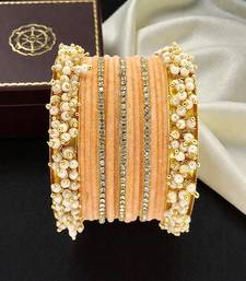 | Product Description | Set Of 17 Chuda Set With Set Of 2 Gold Toned Beaded Kada Bangle Set, Each Secured With Slip On Closure. Set Of 3 Gold Toned Cubic Zircon Studded Thin Bangles, Each Secured With Slip On Closure. Set Of 12 Peach Velvet Bangle Set, Each Secured With Slip On Closure.
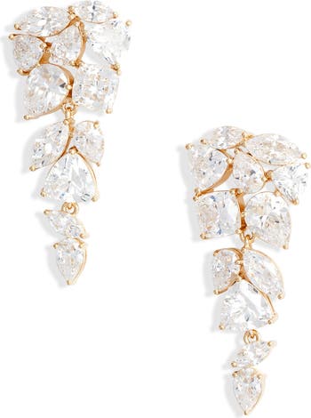 These triangular earrings get their special-occasion sparkle from a collection of cubic zirconia in a variety of cuts.
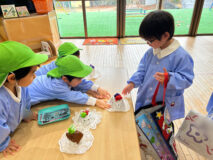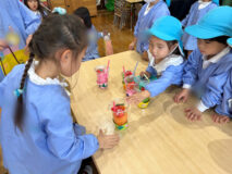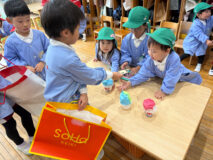 年少さんは食べ物やさんで、アイスクリーム・ケーキ・ジュース・かき氷を作ったよ!

#### [Task to carry out]
From the line containing "These triangular earrings" through the last line of the listing, inclusive, transcribe every line exactly and nothing else; the pictures stay out.

#### [Your response]
 These triangular earrings get their special-occasion sparkle from a collection of cubic zirconia in a variety of cuts.
 年少さんは食べ物やさんで、アイスクリーム・ケーキ・ジュース・かき氷を作ったよ!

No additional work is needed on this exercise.